> [Directions] Once the pictures are removed, restate the data below word for word.

> [Information supplied]
"""

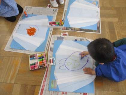 飛ばしてあそべる真っ白な凧を子どもたちに紹介しました。凧を見た子どもたちは「絵をかきたい。」「絵をかいて飛ばしたい。」という思いが出てきました。まずは、マジックペンを使って絵をかくことになりました。自分の顔をかいたり、花をかいたり、わくわくしながらかいていました。「早く飛ばしたいな。」と子どもたちは凧あげを楽しみにしていました♪
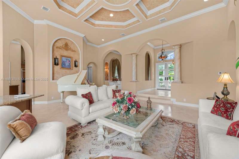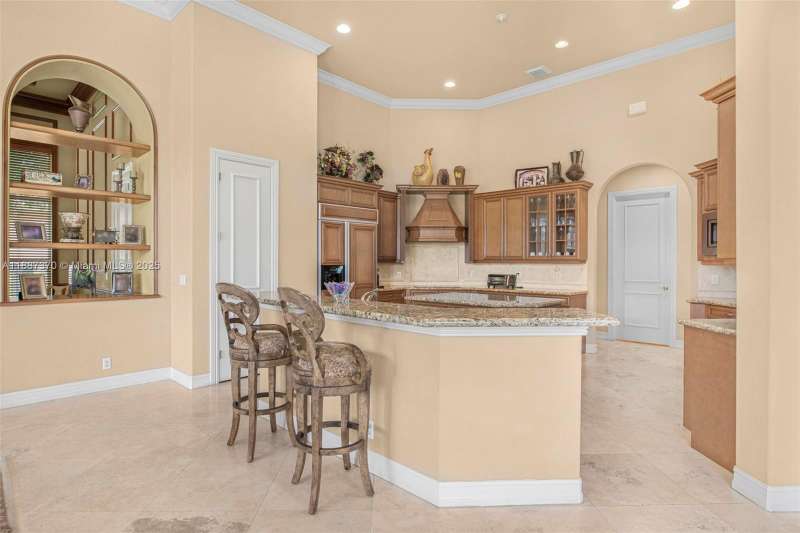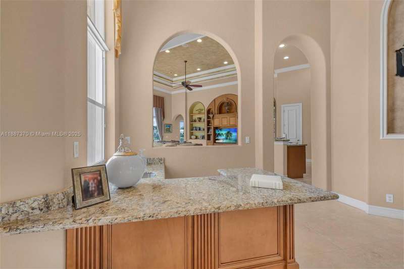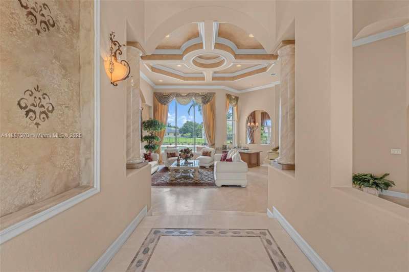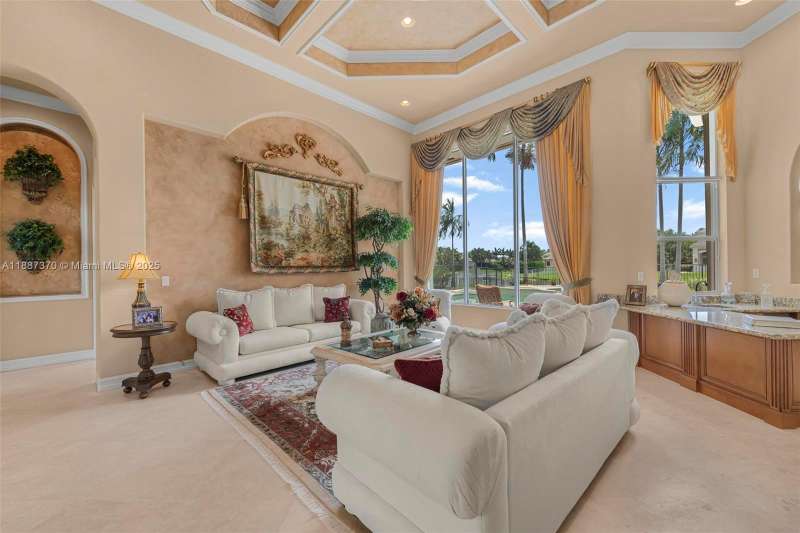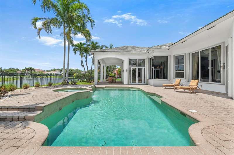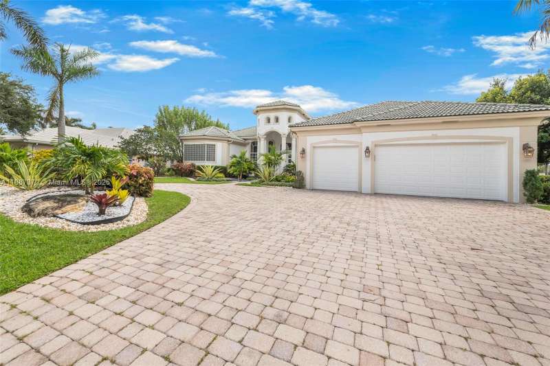 Discover refined elegance in this exceptional estate home, perfectly situated in the prestigious 24-hour guard-gated community of Stonebrook Estates. This residence impresses w/ its grand curb appeal & beautifully pavedcircular driveway. Lovingly maintained by its original owners, the home showcases breathtaking panoramic lakeviews throughout. Featuring 5 bedrooms, 5.5 baths + an executive office. The thoughtfully designed triple-splitfloor plan offers both privacy + functionality. The custom gourmet kitchen opens to light-filled living spaces.Luxurious primary suite w/ a sitting area + dual walk-in closets. Step outside to a beautifully paved backyard oasiscomplete w/ pool & serene lake views. Enjoy resort-style amenities including a clubhouse, tennis + tot lot.A true gem!
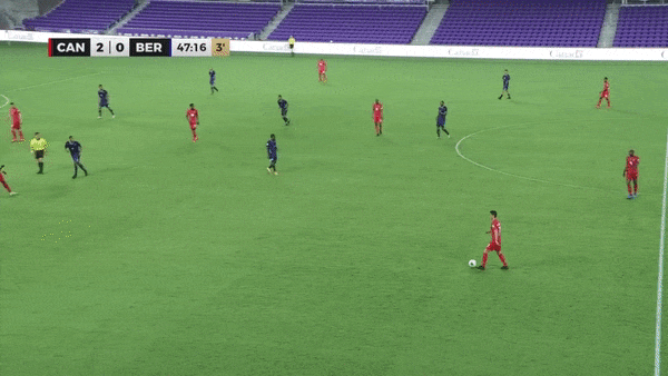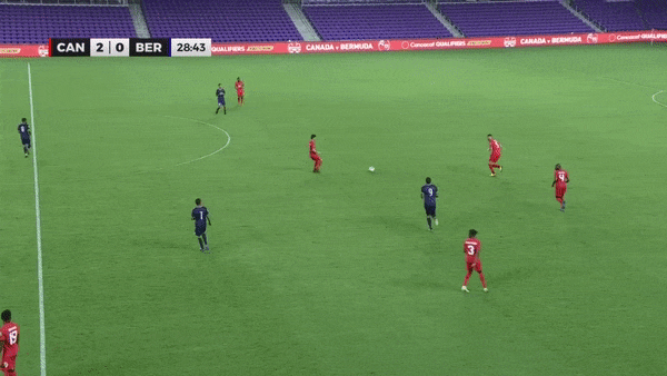 Against Bermuda (left, above), three defenders sat back, the midfield partnership of Stephen Eustaquio (No. 7) and Atiba Hutchinson (No. 13) formed a block of four with Alphonso Davies (No. 19) along with Richie Laryea (No. 22). Then the three forwards had freedom to roam, as did Davies and Laryea.
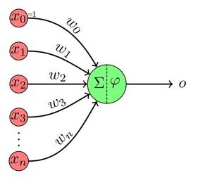 | Keywords: Perceptron-unit.svg en An artificial neuron It has input nodes <math>x_0 \dots x_n</math> weights <math>w_0 \dots w_n</math> The input signals get multiplied with the weights The results are summed up Then the activation function <math>\varphi</math> is applied e g sigmoid tanh ReLU This is then the output <math>o</math> of the artificial neuron Overall the perceptron unit is a function <math>f x_0 \dots x_n \varphi \sum_ i 0 n w_i x_i </math> Typical choices for activation functions <math>\varphi</math> are the sigmoid function <math>\varphi x \frac 1 1+e -x </math> or ReLU <math>\varphi x \max 0 x </math> The input <math>x_0</math> is called the bias and is constant 1 so <math>x_0 1</math> ff7d7d Input-Neuronen 7dff7d Hidden-Neuron de Ein künstliches Neuron Es hat Eingabeknoten <math>x_0 \dots x_n</math> Gewichte <math>w_0 \dots w_n</math> Die Eingabesignale werden jeweils mit den Gewichten multipliziert Die Ergebnisse werden aufsummiert Dann wird auf die Summe die Aktiviertungsfunktion <math>\varphi</math> z B die Sigmoid-Funktion tanh ReLU angewendet Die Perzeptron-Einheit beschreibt also eine Funktion <math>f x_0 \dots x_n \varphi \sum_ i 0 n w_i x_i </math> Zwei typische Aktivierungsfunktionen <math>\varphi</math> sind die Sigmoidfunktion <math>\varphi x \frac 1 1+e -x </math> und ReLU <math>\varphi x \max 0 x </math> Der Eingabeknoten <math>x_0</math> wird Bias genannt und ist konstant 1 also <math>x_0 1</math> ff7d7d Input-Neuronen 7dff7d Hidden-Neuron own MartinThoma 2014-07-21 ValidSVG Source is available at https //github com/MartinThoma/LaTeX-examples/ github See also Multilayer Perceptron 500px Images by Martin Thoma/Computer Science Perceptrons Quality images by Martin Thoma TikZ diagrams Quality images - valid vector Cc-zero QualityImage |

"""

> [Answer for this exercise]
 飛ばしてあそべる真っ白な凧を子どもたちに紹介しました。凧を見た子どもたちは「絵をかきたい。」「絵をかいて飛ばしたい。」という思いが出てきました。まずは、マジックペンを使って絵をかくことになりました。自分の顔をかいたり、花をかいたり、わくわくしながらかいていました。「早く飛ばしたいな。」と子どもたちは凧あげを楽しみにしていました♪
 Discover refined elegance in this exceptional estate home, perfectly situated in the prestigious 24-hour guard-gated community of Stonebrook Estates. This residence impresses w/ its grand curb appeal & beautifully pavedcircular driveway. Lovingly maintained by its original owners, the home showcases breathtaking panoramic lakeviews throughout. Featuring 5 bedrooms, 5.5 baths + an executive office. The thoughtfully designed triple-splitfloor plan offers both privacy + functionality. The custom gourmet kitchen opens to light-filled living spaces.Luxurious primary suite w/ a sitting area + dual walk-in closets. Step outside to a beautifully paved backyard oasiscomplete w/ pool & serene lake views. Enjoy resort-style amenities including a clubhouse, tennis + tot lot.A true gem!
 Against Bermuda (left, above), three defenders sat back, the midfield partnership of Stephen Eustaquio (No. 7) and Atiba Hutchinson (No. 13) formed a block of four with Alphonso Davies (No. 19) along with Richie Laryea (No. 22). Then the three forwards had freedom to roam, as did Davies and Laryea.
 | Keywords: Perceptron-unit.svg en An artificial neuron It has input nodes <math>x_0 \dots x_n</math> weights <math>w_0 \dots w_n</math> The input signals get multiplied with the weights The results are summed up Then the activation function <math>\varphi</math> is applied e g sigmoid tanh ReLU This is then the output <math>o</math> of the artificial neuron Overall the perceptron unit is a function <math>f x_0 \dots x_n \varphi \sum_ i 0 n w_i x_i </math> Typical choices for activation functions <math>\varphi</math> are the sigmoid function <math>\varphi x \frac 1 1+e -x </math> or ReLU <math>\varphi x \max 0 x </math> The input <math>x_0</math> is called the bias and is constant 1 so <math>x_0 1</math> ff7d7d Input-Neuronen 7dff7d Hidden-Neuron de Ein künstliches Neuron Es hat Eingabeknoten <math>x_0 \dots x_n</math> Gewichte <math>w_0 \dots w_n</math> Die Eingabesignale werden jeweils mit den Gewichten multipliziert Die Ergebnisse werden aufsummiert Dann wird auf die Summe die Aktiviertungsfunktion <math>\varphi</math> z B die Sigmoid-Funktion tanh ReLU angewendet Die Perzeptron-Einheit beschreibt also eine Funktion <math>f x_0 \dots x_n \varphi \sum_ i 0 n w_i x_i </math> Zwei typische Aktivierungsfunktionen <math>\varphi</math> sind die Sigmoidfunktion <math>\varphi x \frac 1 1+e -x </math> und ReLU <math>\varphi x \max 0 x </math> Der Eingabeknoten <math>x_0</math> wird Bias genannt und ist konstant 1 also <math>x_0 1</math> ff7d7d Input-Neuronen 7dff7d Hidden-Neuron own MartinThoma 2014-07-21 ValidSVG Source is available at https //github com/MartinThoma/LaTeX-examples/ github See also Multilayer Perceptron 500px Images by Martin Thoma/Computer Science Perceptrons Quality images by Martin Thoma TikZ diagrams Quality images - valid vector Cc-zero QualityImage |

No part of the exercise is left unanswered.